The universe of funds available for sale in Europe declined by 390 this year, according to Lipper, as asset managers are preparing for Ucits IV and rationalising their product ranges.
Lipper’s latest Fund Market Insight Report shows the number of 2,383 new launches was offset by 1,513 fund closures and 1,260 fund mergers.
Ongoing rationalisation of fund families and the Ucits IV directive are likely to cause the European mutual fund universe to shrink further.
Lipper registered 35,017 funds for sale in Europe at the end of the third quarter: 37% were equity funds, 23% mixed assets and 18% bond funds.
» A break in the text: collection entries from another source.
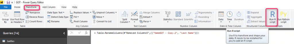 Now I want to store back it into my PC, to do that, you need to navigate to Power Query Editor, then click on Transform, then Run R Scripts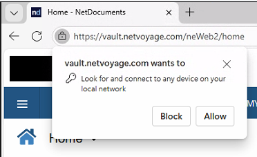 - If you see the following dialog box, click "Allow". This will enable Local Network Access for NetDocuments.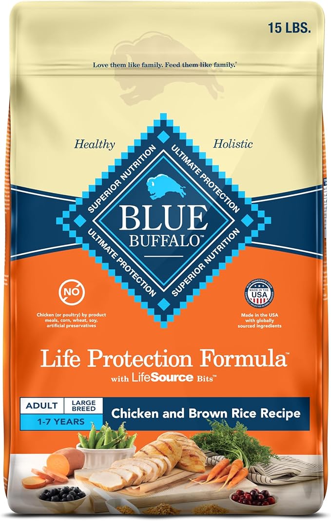 • Contains: One (1) 15-lb. bag of BLUE Life Protection Formula Large Breed Dry Dog Food, Chicken and Brown Rice Recipe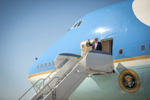 President Donald J. Trump waves as he exits Air Force One at MacDill Air Force Base, Feb. 6, 2017. President Trump flew to MacDill to visit with senior officials at USCENTCOM to discuss issues affecting USCENTCOM’s 20-nation area of responsibility. (Photo: U.S. Air Force photo by Staff Sgt. Ned T. Johnston)

Of those 2,383 funds that were launched during the same time, 791 were equity funds, 481 bond funds, 524 mixed asset funds.
On the other hand, of those 1,513 that were liquidated, 434 were equity funds, 270 bond funds and 232 mixed asset funds.
Lipper predicts the coming months to be “challenging” for the European mutual fund market.
“The debt crisis in Europe creates uncertainties on the market and fund companies are taking a cautious approach in their development strategies,” the report says. “Indeed, revenue in the industry is strongly related to assets under management which is itself a consequence of fund flows and performance.”
Lipper says because markets are feeling the impact of the crisis, revenue for the industry is likely to decline further.